Hassan N. Gardezi. Understanding Pakistan: The Colonial Factor in Societal Development. Lahore: Maktaba Fikro-Danish (1991). Pages 162. Price: Rs 99.00.
DOI:
https://doi.org/10.30541/v30i2pp.207-212Abstract
After almost forty-four years of existence as a sovereign nation, Pakistan still remains an underdeveloped country. This underdevelopment and poverty is not the original state, that is, it is not entirely inherent in the original social and economic structures or cultural traditions of Pakistan; rather this socio-economic retardation of Pakistan is due mainly to the integration of Pakistan's society and economy in the world capitalist system.
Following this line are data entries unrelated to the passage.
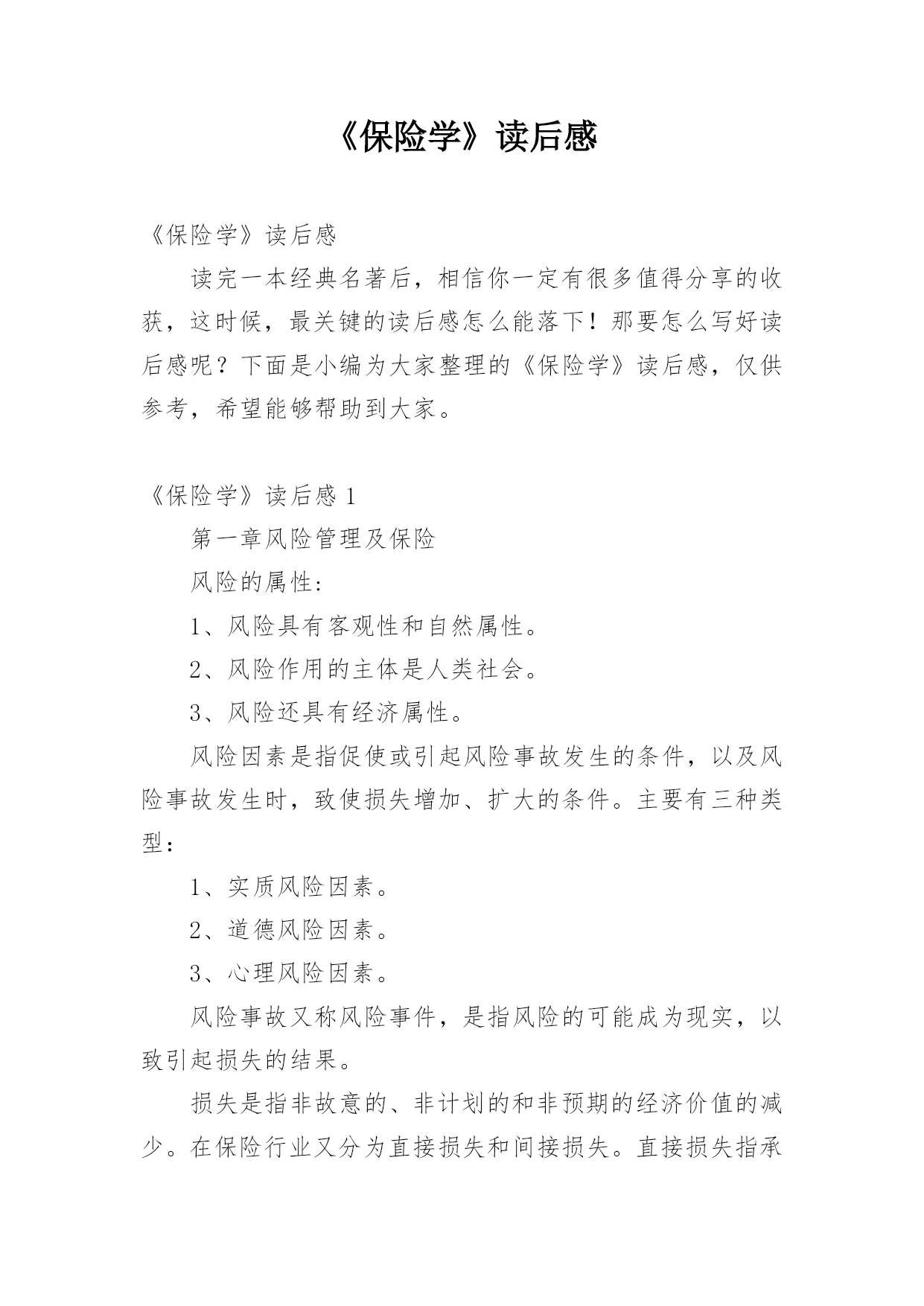 《保险学》读后感《保险学》读后感读完一本经典名著后,相信你一定有很多值得分享的收获,这时候,最关键的读后感怎么能落下!那要怎么写好读后感呢?下面是小编为大家整理的《保险学》读后感,仅供参考,希望能够帮助到大家。《保险学》读后感1第一章风险管理及保险风险的属性:1、风险具有客观性和自然属性。2、风险作用的主体是人类社会。3、风险还具有经济属性。风险因素是指促使或引起风险事故发生的条件,以及风险事故发生时,致使损失增加、扩大的条件。主要有三种类型:1、实质风险因素。2、道德风险因素。3、心理风险因素。风险事故
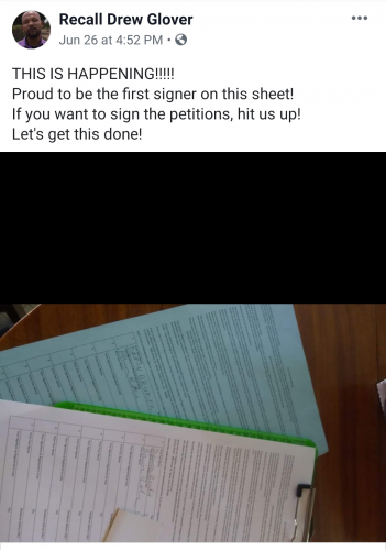 Ashley Scontriano has been calling for Drew Glover to be recalled since March or earlier (see photo). During the 2018 election, Scontriano expressed extreme views on homelessness and white supremacy.
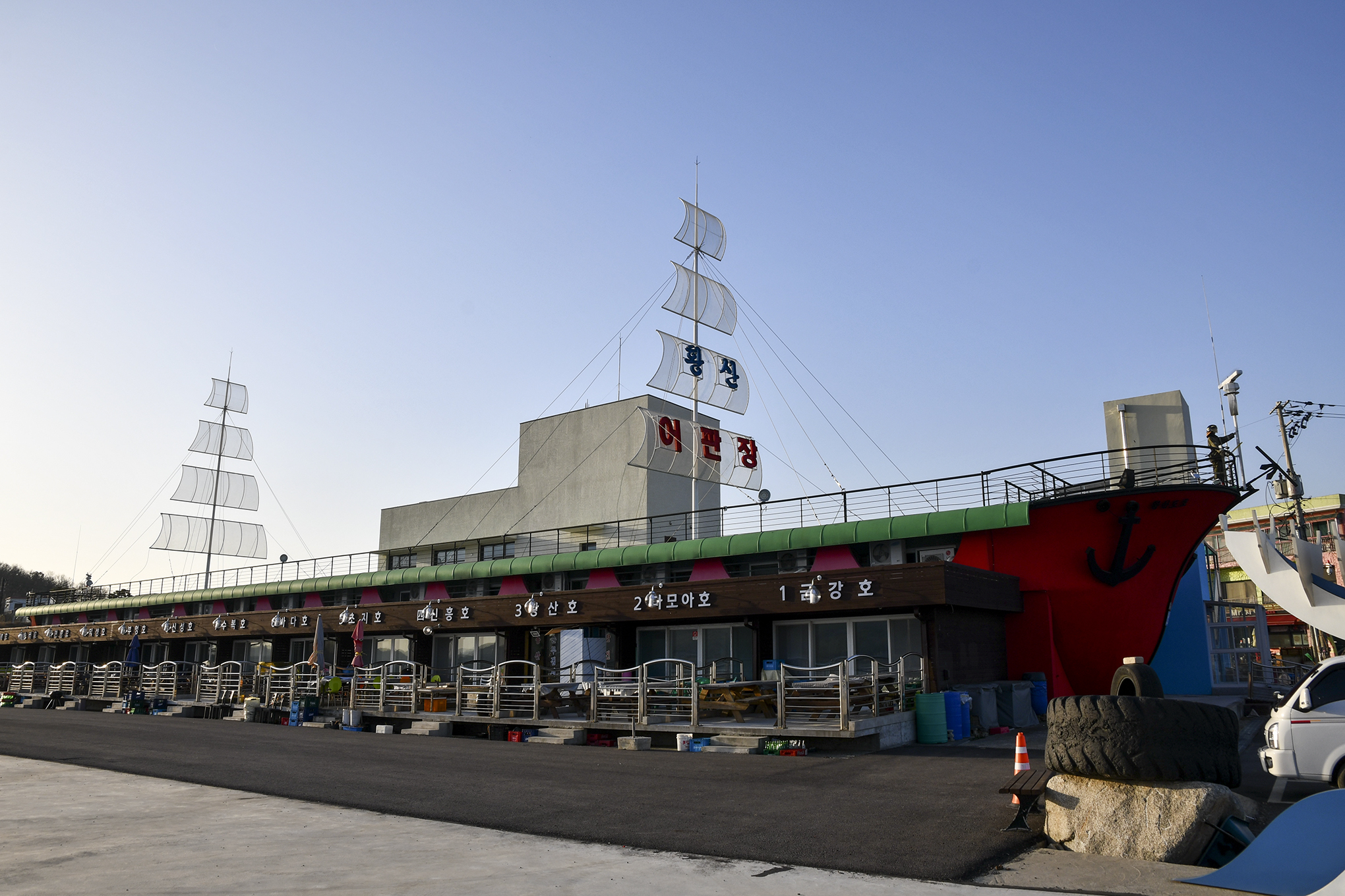 황산도 어판장에는 이렇게 많은 식당들이 줄지어 위치해 있다.
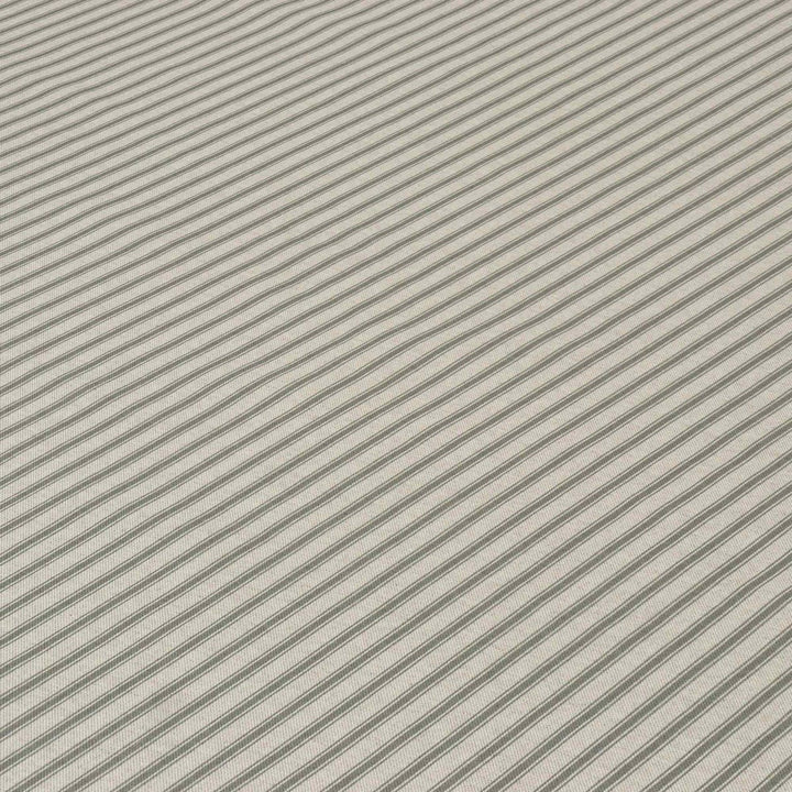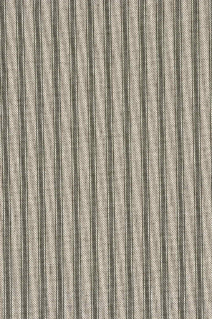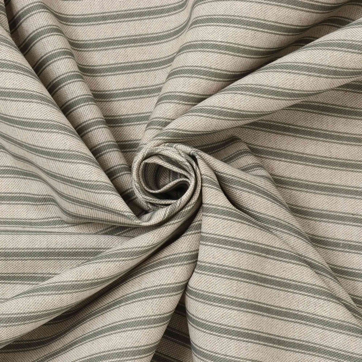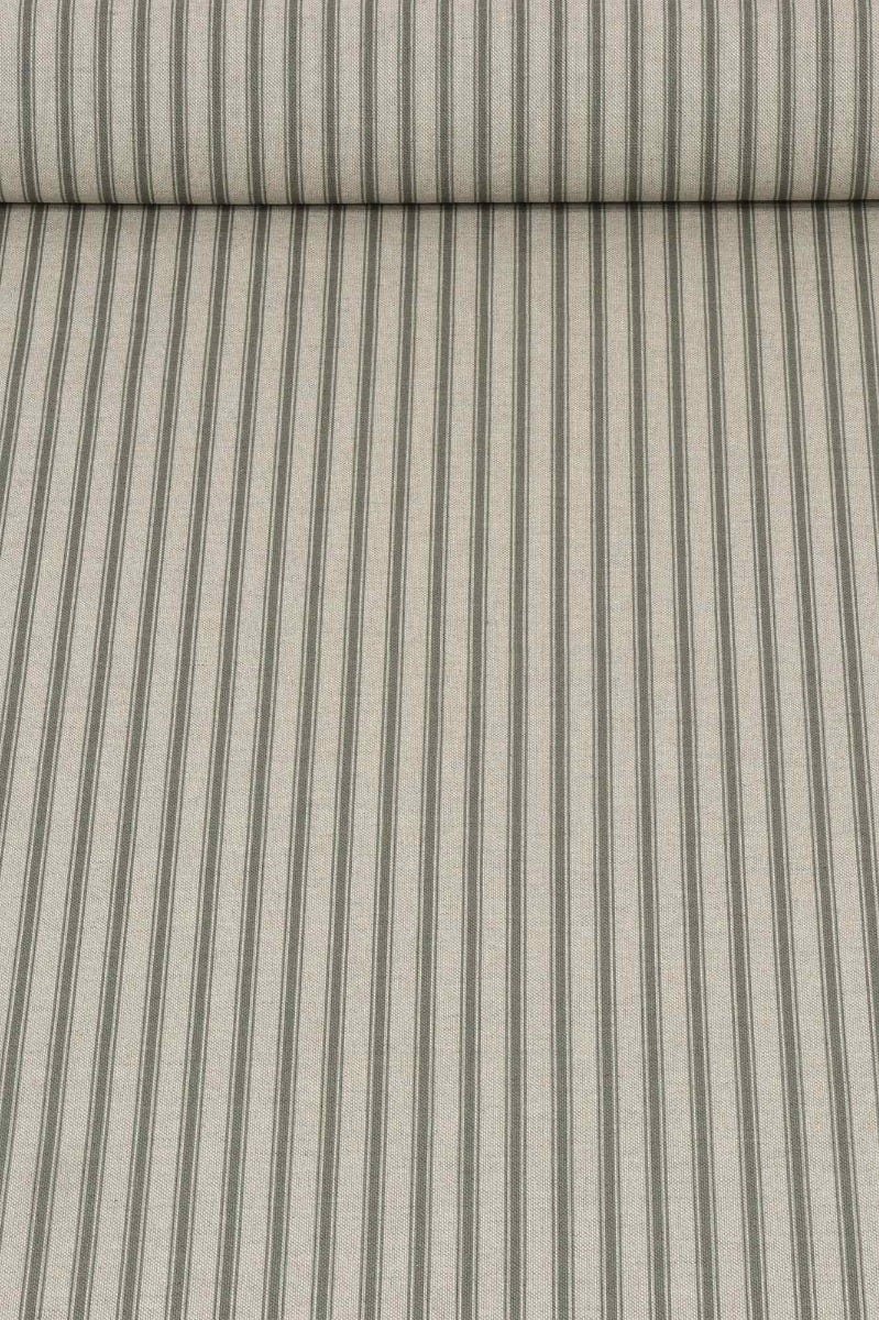 A gorgeous deck stripe fabric featuring a green stripe on a rich linen coloured cloth.

This integration of a weak and stagnant semi-feudal society with the industrially advanced capitalist societies has gradually resulted in an unequal relationship and an international division of labour, which binds Pakistan as a 'periphery' to the highly developed and industrialized metropolitan 'centres' of capitalism, and in which resources tend to flow from the former to the latter. Hassan N. Gardezi advances this radical hypothesis by characterizing Pakistan's socio-economic formation as 'peripheral' capitalism which is internally ruled by a tiny, but powerful, minority of feudal, capitalist, bureaucratic, and military elites. These ruling elites, says Gardezi, are externally dependent on and subservient to the highly industrialized capitalist countries; and the colonial factor has determined the contours and character of Pakistan's socio-economic system.